1 files changed, 150 insertions, 0 deletions
diff --git a/summary/src/ctor/src/background.tex b/summary/src/ctor/src/background.tex
new file mode 100644
index 0000000..85d972f
--- /dev/null
+++ b/summary/src/ctor/src/background.tex
@@ -0,0 +1,150 @@
+\section{Background} \label{ctor:sec:background}
+The theory and current practise of CT is introduced first, then Tor
+and its privacy-preserving Tor Browser.
+
+\subsection{Certificate Transparency} \label{ctor:sec:background:ct}
+The idea to transparently log TLS certificates emerged at Google in response to
+a lack of proposals that could be deployed without drastic ecosystem changes
+and/or significant downsides~\cite{ct/a}.  By making the set of issued
+certificate chains\footnote{%
+	A domain owner's certificate is signed by an intermediate CA, whose
+	certificate is in turned signed by a root CA that acts as a trust
+	anchor~\cite{ca-ecosystem}.  Such a \emph{certificate chain} is valid if it
+	ends in a trusted anchor that is shipped in the user's system software.

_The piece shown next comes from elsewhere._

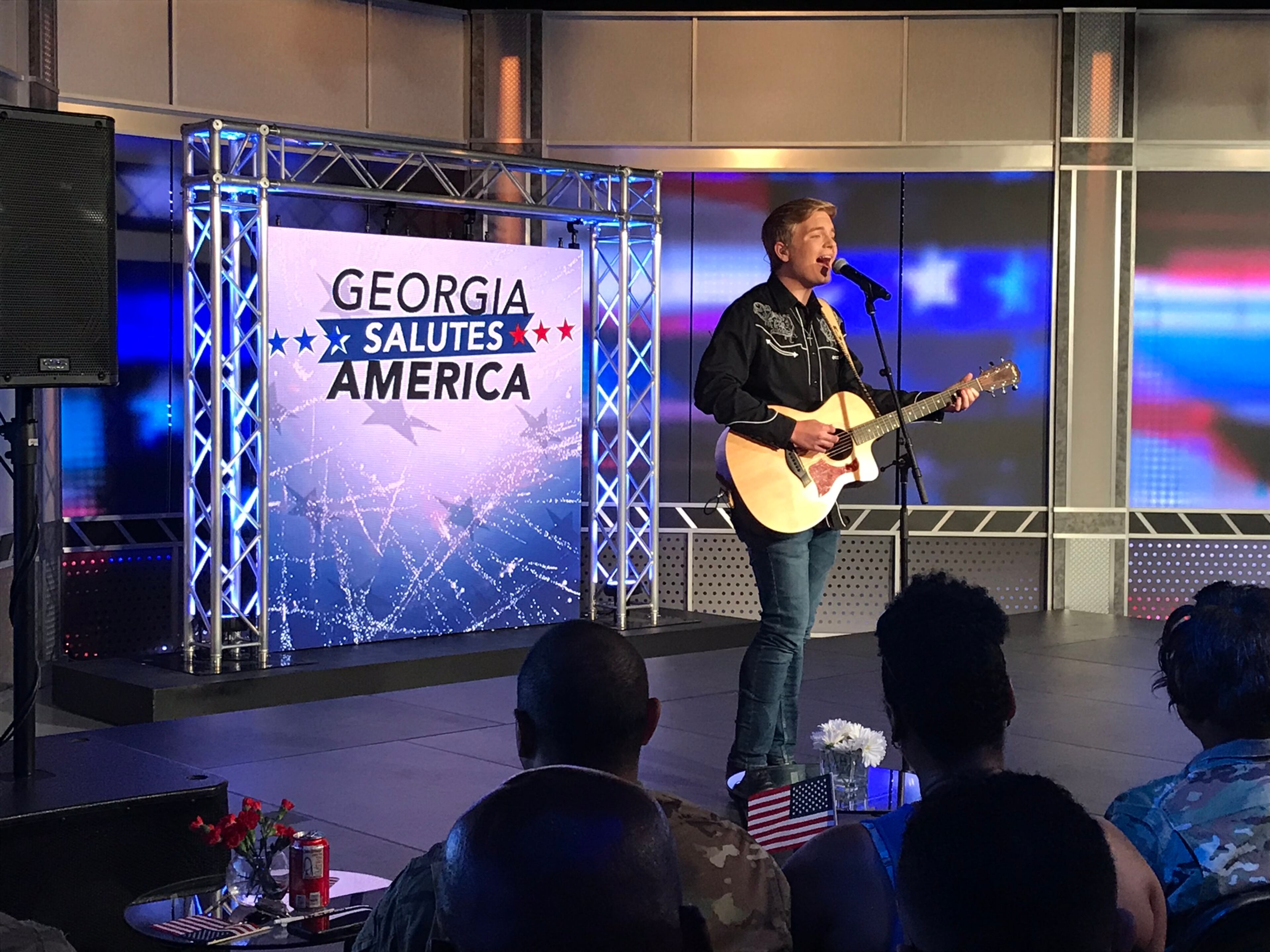 In a pre-taped segment shot at WSB-TV studios before military families, fans and family members, he sang several songs including an original tune. The live portion including fireworks will be at International Plaza, the green space between the Georgia World Congress Center, Mercedes-Benz Stadium and Philips Arena, instead of Centennial Olympic Park because of renovations.

+} transparent, anyone that inspect the logs can detect certificate
+mis-issuance \emph{after the fact}.  It would be somewhat circular to solve
+issues in the CA ecosystem by adding trusted CT logs.  Therefore, the
+cryptographic foundation of CT is engineered to avoid any such reliance.
+Google's \emph{gradual} CT roll-out started in 2015, and evolved from 
+downgrading user-interface indicators in Chrome to the current state of hard
+failures unless a certificate is accompanied by a signed \emph{promise} that it
+will appear in two CT logs~\cite{does-ct-break-the-web}.  Unlike Apple's
+Safari~\cite{apple-log-policy}, these two logs must additionally be operated by
+Google and not-Google to ensure independence~\cite{google-log-policy}.
+
+The lack of mainstream verification, i.e., beyond checking signatures, allows an
+attacker to side-step the current CT enforcement with minimal risk of exposure
+\emph{if the required logs are controlled by the attacker}.  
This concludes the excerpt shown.